§ Problem requirements: Could you output each record below exactly as it stands and leave the pictures out?

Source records
------------------------------------

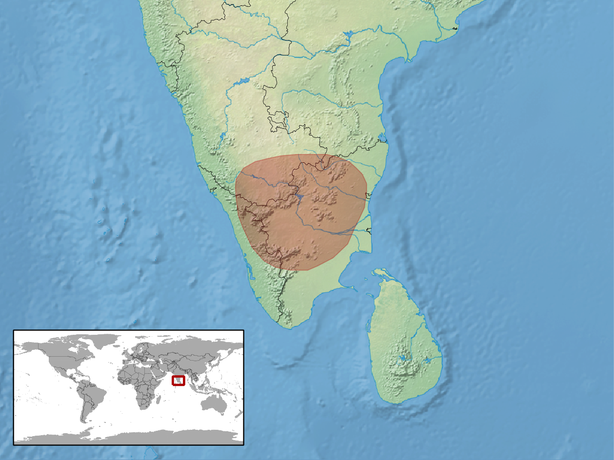 geographic distribution of Trimeresurus gramineus (Native: India)
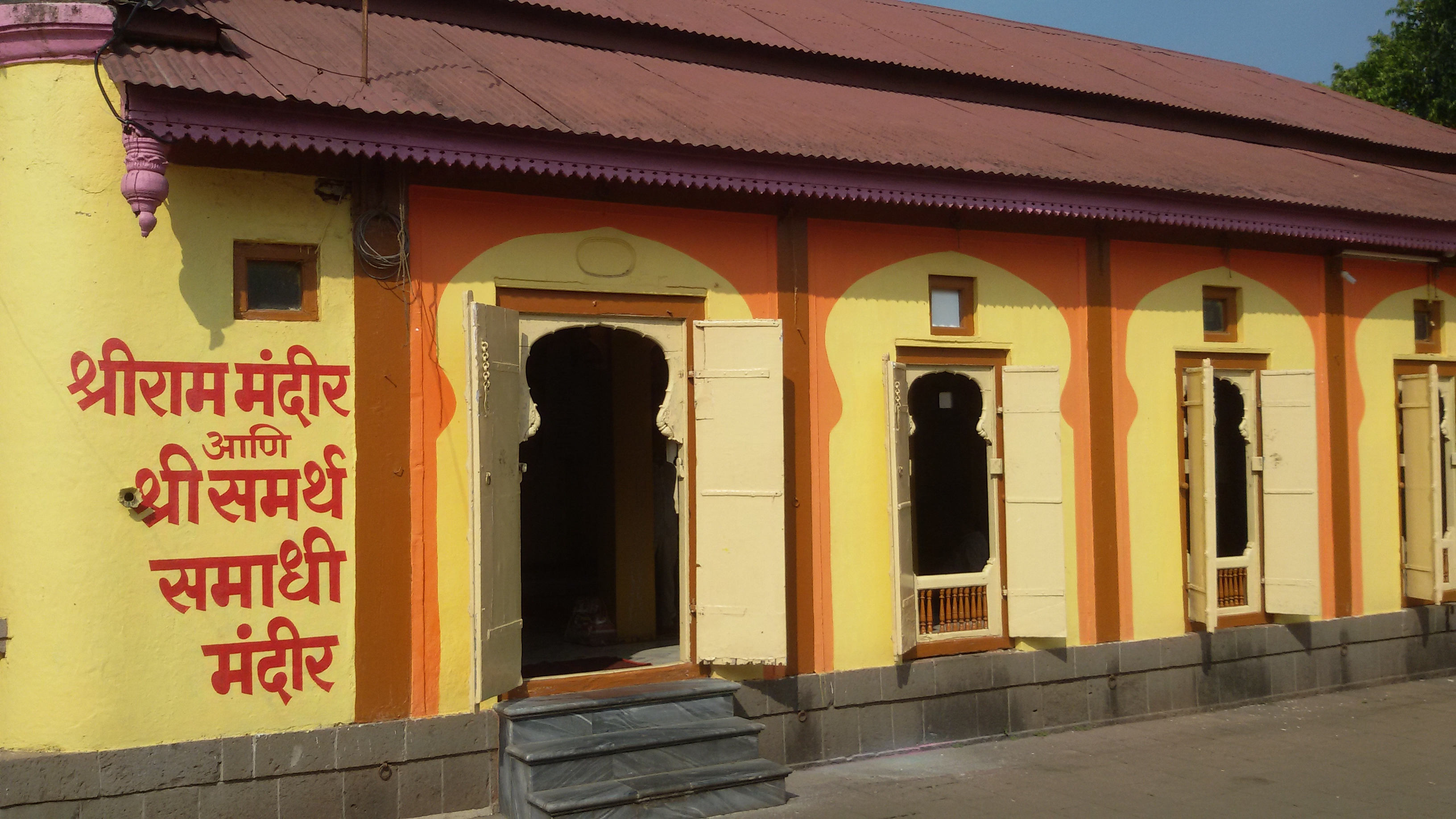 सज्जनगड समर्थ रामदास स्वामी स्थापित स्थान
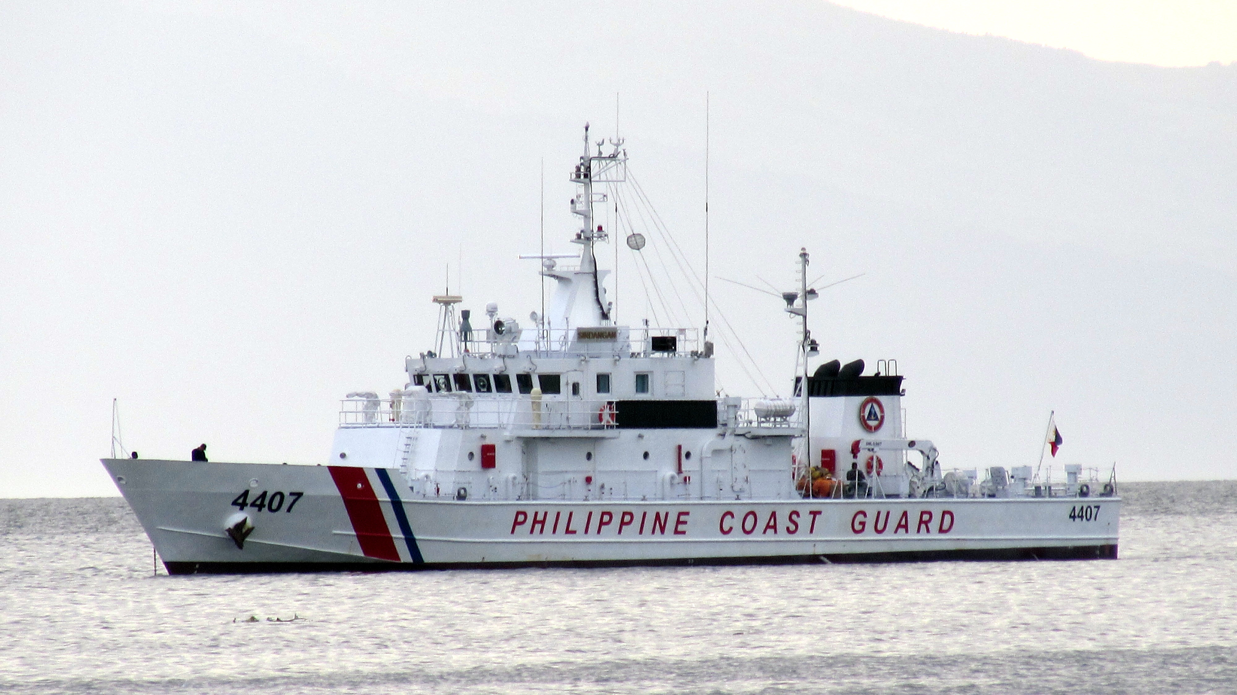 A side view of the BRP Sindangan (MRRV-4407), a Parola class Multi-Role Response Vessel (MRRV) of the Philippine Coast Guard guarding the Manila Bay during the 31st Association of South East Asian Nation (ASEAN) Summit.
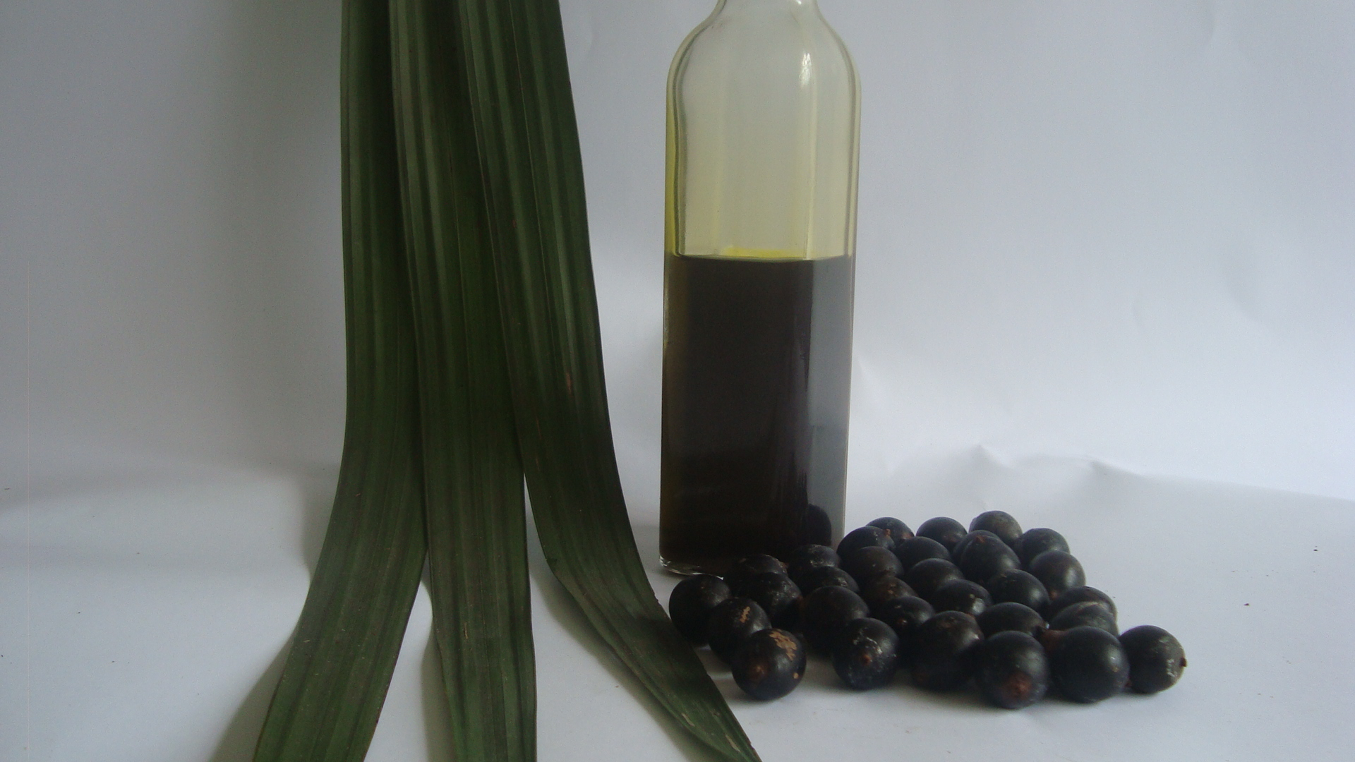 Bacaba virgin oil.
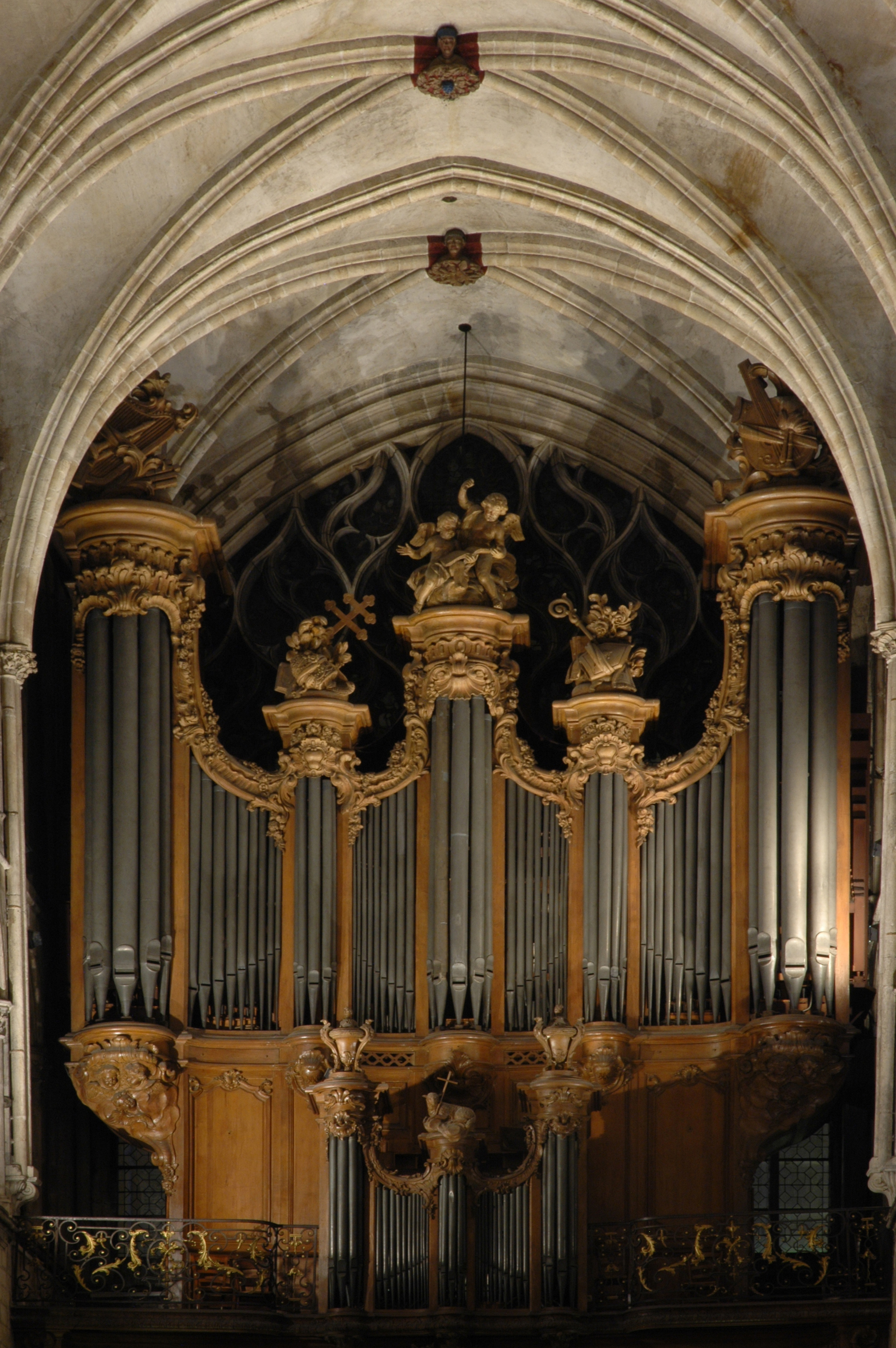 Great pipe organ in the Saint-Séverin church in Paris, France.
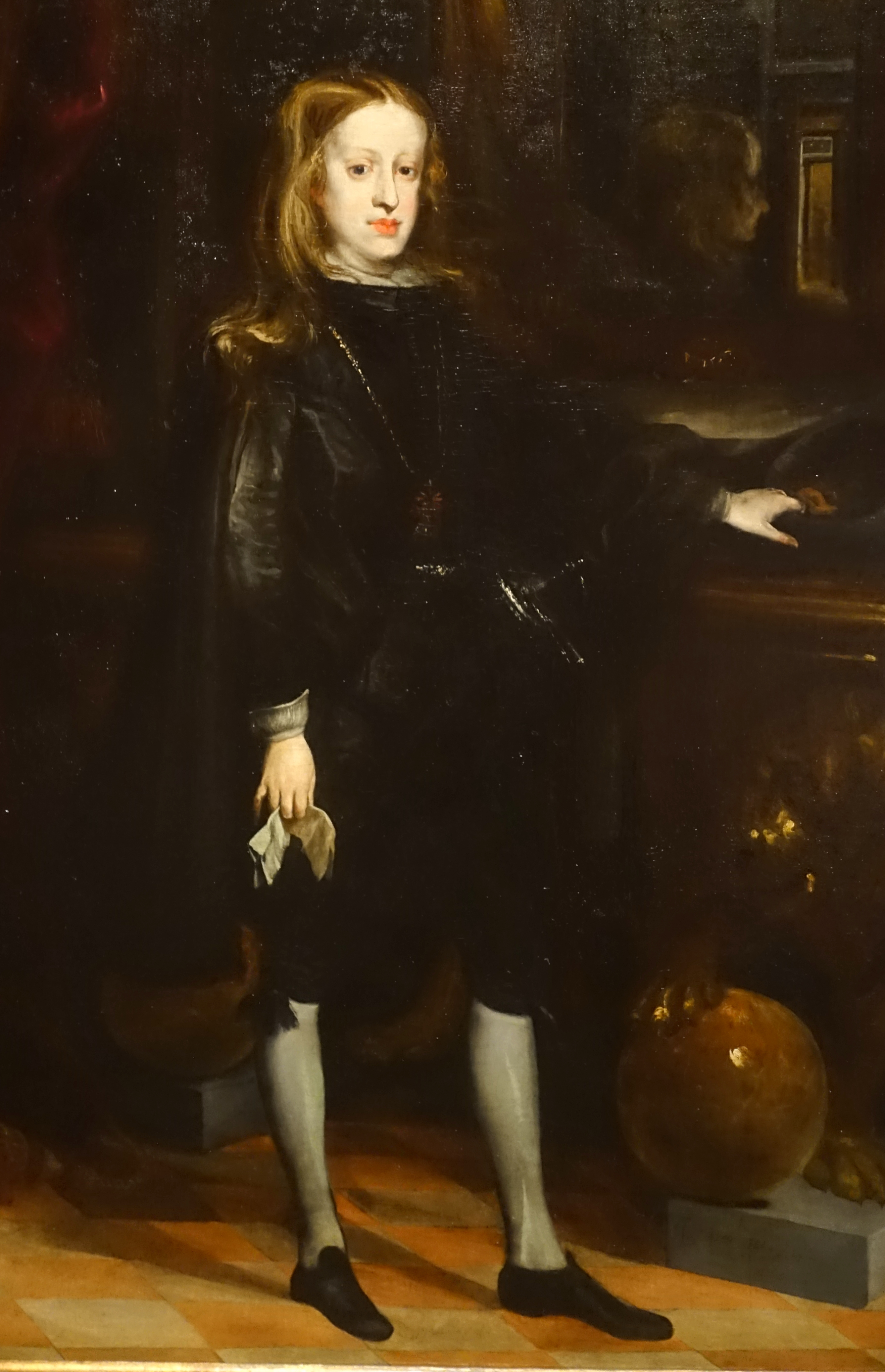 Exhibit in the Meadows Museum - Southern Methodist University, Dallas, Texas, USA.
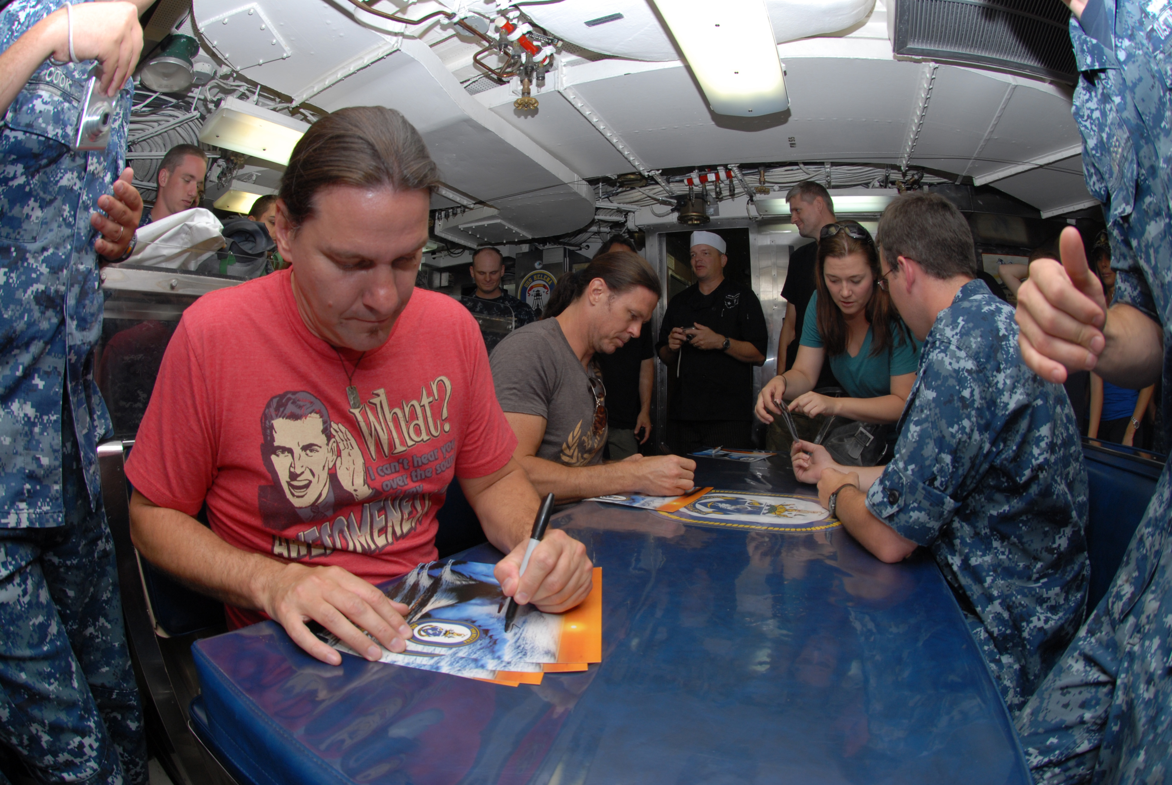 NORFOLK (Aug. 1, 2011) Shawn Drover and Chris Broderick, former members of the band Megadeth, sign autographs in the crew mess aboard the Los Angeles-class attack submarine USS Helena (SSN 725). Members from the band made a brief stop to visit the submarine at Naval Station Norfolk before their concert in Virginia Beach, Va., Aug. 2. (U.S. Navy photo by Mass Communication Specialist 1st Class Todd A. Schaffer/Released) 110801-N-NK458-063

------------------------------------

§ Output for this exercise:
 geographic distribution of Trimeresurus gramineus (Native: India)
 सज्जनगड समर्थ रामदास स्वामी स्थापित स्थान
 A side view of the BRP Sindangan (MRRV-4407), a Parola class Multi-Role Response Vessel (MRRV) of the Philippine Coast Guard guarding the Manila Bay during the 31st Association of South East Asian Nation (ASEAN) Summit.
 Bacaba virgin oil.
 Great pipe organ in the Saint-Séverin church in Paris, France.
 Exhibit in the Meadows Museum - Southern Methodist University, Dallas, Texas, USA.
 NORFOLK (Aug. 1, 2011) Shawn Drover and Chris Broderick, former members of the band Megadeth, sign autographs in the crew mess aboard the Los Angeles-class attack submarine USS Helena (SSN 725). Members from the band made a brief stop to visit the submarine at Naval Station Norfolk before their concert in Virginia Beach, Va., Aug. 2. (U.S. Navy photo by Mass Communication Specialist 1st Class Todd A. Schaffer/Released) 110801-N-NK458-063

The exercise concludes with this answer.